Key Aspects of the Methodology:

  1. Data Collection and Preparation:
    • The authors utilize cricket match data from Cricsheet.org, consisting of 3100 YAML files across three formats (ODI, IPL, T20). They convert these files to CSV format for analysis.
    • Features such as runs, strike rates, wickets, and economic rates are extracted and transformed into a format suitable for ML models.
    • Feature engineering is performed to generate additional insights like cumulative strike rate, moving averages, and Dream-11 scores for players.
  2. Machine Learning Models:
    • A crucial part of the paper compared classification models from prior work with regression models for predicting player performance.
    • The PyCaret library, an automated ML tool, was used extensively to find the best regressor model, resulting in the selection of the Extra Trees Regressor (ETR) model due to its strong performance in predicting Dream-11 scores with an R2 score of 0.99 for batsmen and 0.97 for bowlers.
    • Overfitting was checked against the model use, confirming robustness without overfitting despite high R2 values.
  3. Predictive Analytics:
    • Inputs for the predictive model include aspects such as player name, match format, team details, and venue.
    • The model accommodates various user inputs, fetching similar historical data, and transforms it into matrices fed into the ETR model to generate performance predictions.
  4. Team Selection Strategy:
    • To select a fantasy team, the authors deploy a combination of the Knapsack and Greedy Algorithms to comply with Dream-11 constraints (e.g., credit limits, selection limits per team).
    • The goal is to maximize expected Dream-11 scores while adhering to the credit budget cap.
  5. Visualization and Data Insights:
    • The paper highlighted the use of Plotly for generating various interactive plots to provide visual insights into player and team performance, which assisted in understanding strengths and weaknesses.

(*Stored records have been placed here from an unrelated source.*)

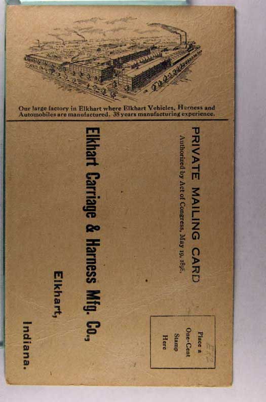 Card # 162592. View Larger | Rotate Adv. Elkart Carriage & Harness Mfg. Co. PMC crs Near F-VF
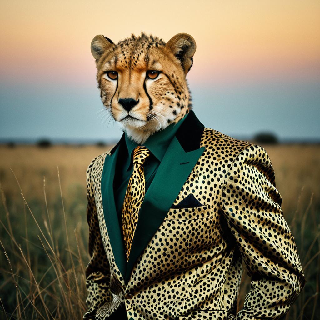 Portrait of a cheetah anthropomorphized wearing a beige and brown spotted jacket and a matching tie, set against a blurred savannah background. The cheetah's natural fur patterns harmonize with the clothing design, emphasizing a regal and sophisticated presence.
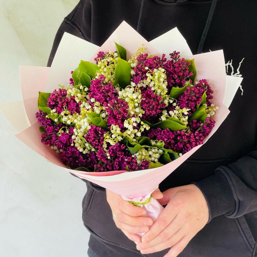 На фото букет из ландышей и сирени. В составе: сирень 7 шт, ландыш 5 шт, дизайнерская упаковка 1 шт, атласная лента 1 шт, . Все цветы свежие и ароматные, букет красиво оформлен и отлично подходит для подарка. Доступна доставка цветов или самовывоз.
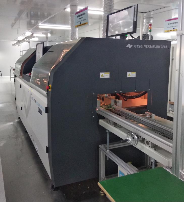 小銘打樣選擇性波峰焊正式投入使用----中國首家引進德國ERSA,助力高端產品焊接可靠性PCBA上插件器件的焊接,常規(guī)使用手工焊接或傳統(tǒng)自動波峰焊接,涉及避讓已貼片的SMT材料和部分不用上錫的過孔而需要專門訂制焊接治具,相應導致額外的治具成本、錫面增加致耗錫量增加、能耗高、污染嚴重等,尤其是制作治具需要必要的時間難以滿足小銘打樣之多品種小批量生產等問題,為了更好地履行時效+品質承諾,特別是滿足如汽車、航空、航天和軍工類高端產品的焊接需求,銘華航電于2018年7月引進了當今世界最先進的選擇性波峰焊--德國產

Conclusions and Implications:

  • The paper underscores the superiority of regression models over classification models in predicting player performance for fantasy cricket applications.
  • By employing data engineering, feature transformation, and ML pipelines, the research demonstrates an effective methodology for analyzing cricket data and optimizing fantasy cricket team selections.
  • Future work could involve automating data update pipelines from Cricsheet.org to maintain real-time relevance of data, potentially enhancing the model’s predictive capabilities.

This research offers a tailored approach to fantasy sports analytics, with a strong foundation in ML algorithms and data-driven decision-making processes that can inform enthusiasts and analysts in building competitive fantasy teams.